*WHAT YOU SHOULD DO*:
Write out exactly the lines running from the one with "정리하자면 <공식 홈페이지" to the end of the data, including both of those lines and excluding pictures.

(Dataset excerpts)
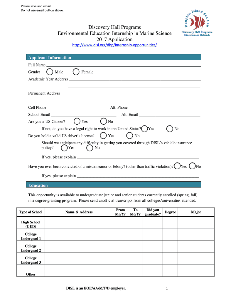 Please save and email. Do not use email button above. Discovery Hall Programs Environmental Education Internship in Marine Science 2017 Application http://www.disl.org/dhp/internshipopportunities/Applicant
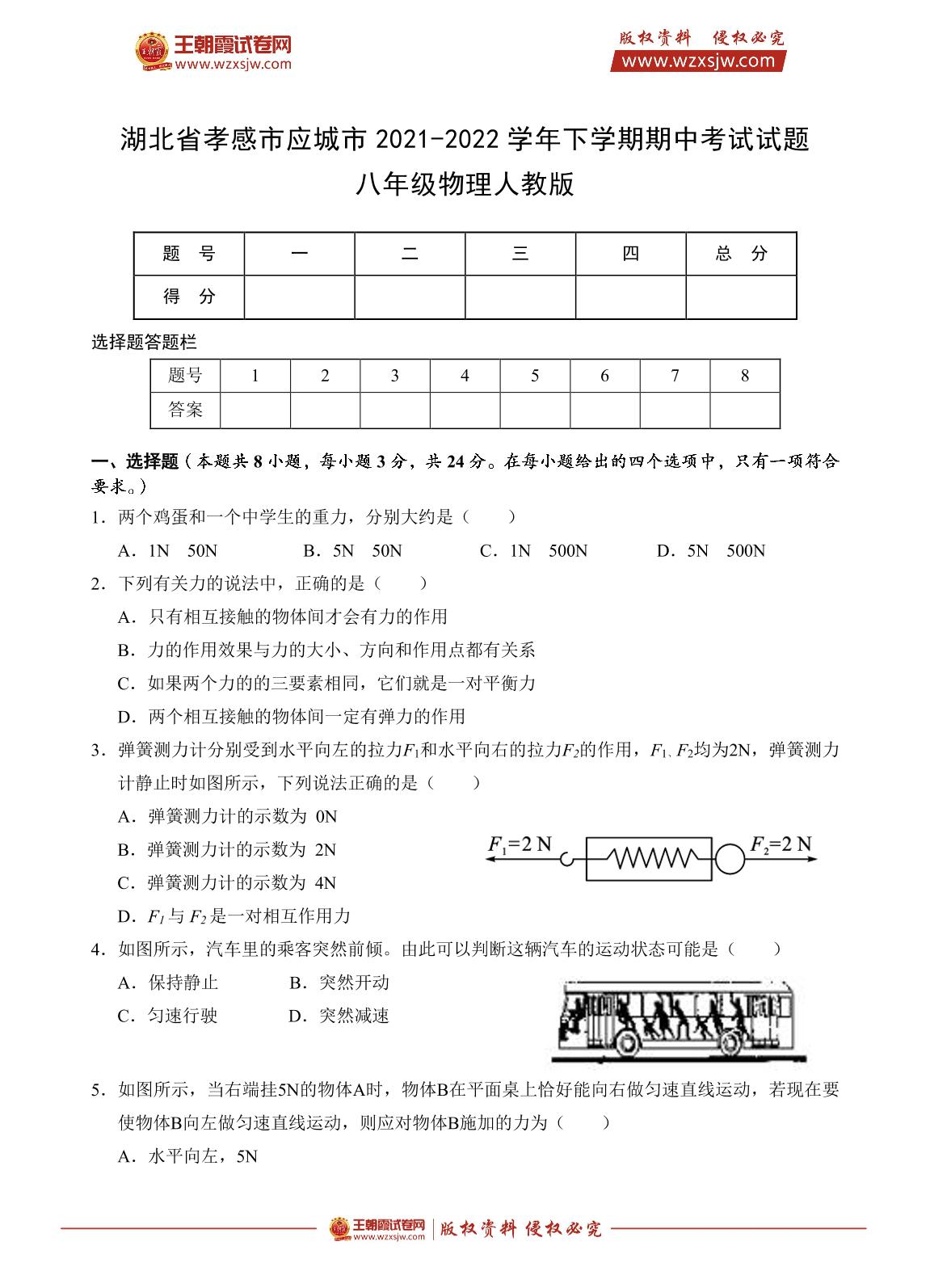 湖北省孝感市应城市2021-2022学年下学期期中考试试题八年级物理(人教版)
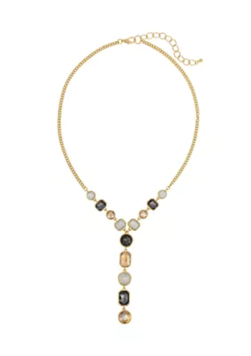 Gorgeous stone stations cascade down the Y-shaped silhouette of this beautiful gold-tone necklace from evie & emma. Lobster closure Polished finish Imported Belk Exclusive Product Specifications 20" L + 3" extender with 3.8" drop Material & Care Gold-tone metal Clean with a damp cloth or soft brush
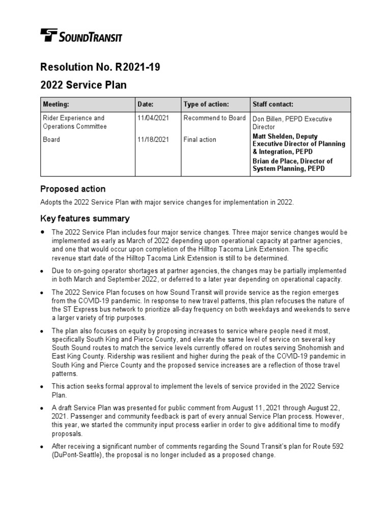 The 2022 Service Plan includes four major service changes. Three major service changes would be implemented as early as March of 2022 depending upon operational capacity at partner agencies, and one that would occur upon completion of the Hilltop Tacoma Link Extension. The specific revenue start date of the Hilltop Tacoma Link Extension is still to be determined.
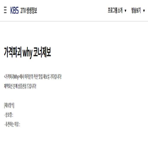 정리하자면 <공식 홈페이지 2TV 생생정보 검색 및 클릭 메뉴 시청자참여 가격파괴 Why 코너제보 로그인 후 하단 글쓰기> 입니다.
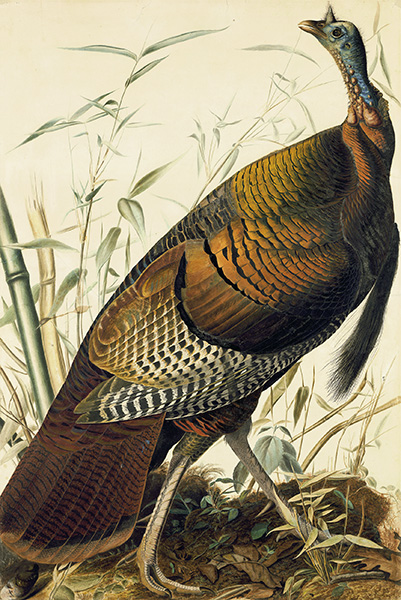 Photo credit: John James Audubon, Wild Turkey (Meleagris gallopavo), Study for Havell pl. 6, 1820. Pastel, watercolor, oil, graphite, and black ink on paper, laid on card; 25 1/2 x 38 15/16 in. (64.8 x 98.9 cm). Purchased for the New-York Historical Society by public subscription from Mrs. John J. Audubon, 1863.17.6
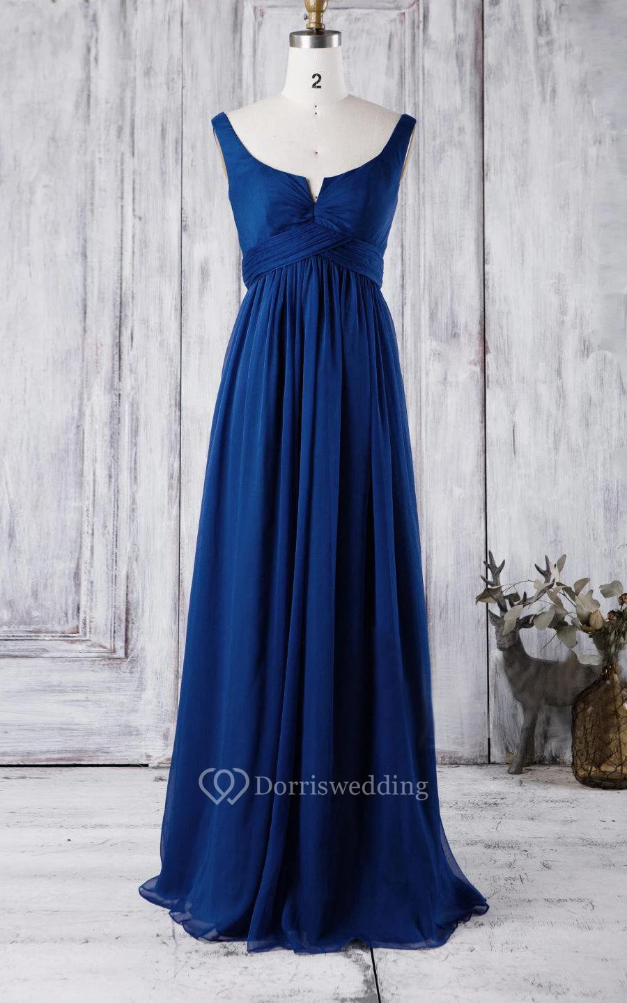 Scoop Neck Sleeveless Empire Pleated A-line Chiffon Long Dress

*ANSWER SECTION*:
 정리하자면 <공식 홈페이지 2TV 생생정보 검색 및 클릭 메뉴 시청자참여 가격파괴 Why 코너제보 로그인 후 하단 글쓰기> 입니다.
 Photo credit: John James Audubon, Wild Turkey (Meleagris gallopavo), Study for Havell pl. 6, 1820. Pastel, watercolor, oil, graphite, and black ink on paper, laid on card; 25 1/2 x 38 15/16 in. (64.8 x 98.9 cm). Purchased for the New-York Historical Society by public subscription from Mrs. John J. Audubon, 1863.17.6
 Scoop Neck Sleeveless Empire Pleated A-line Chiffon Long Dress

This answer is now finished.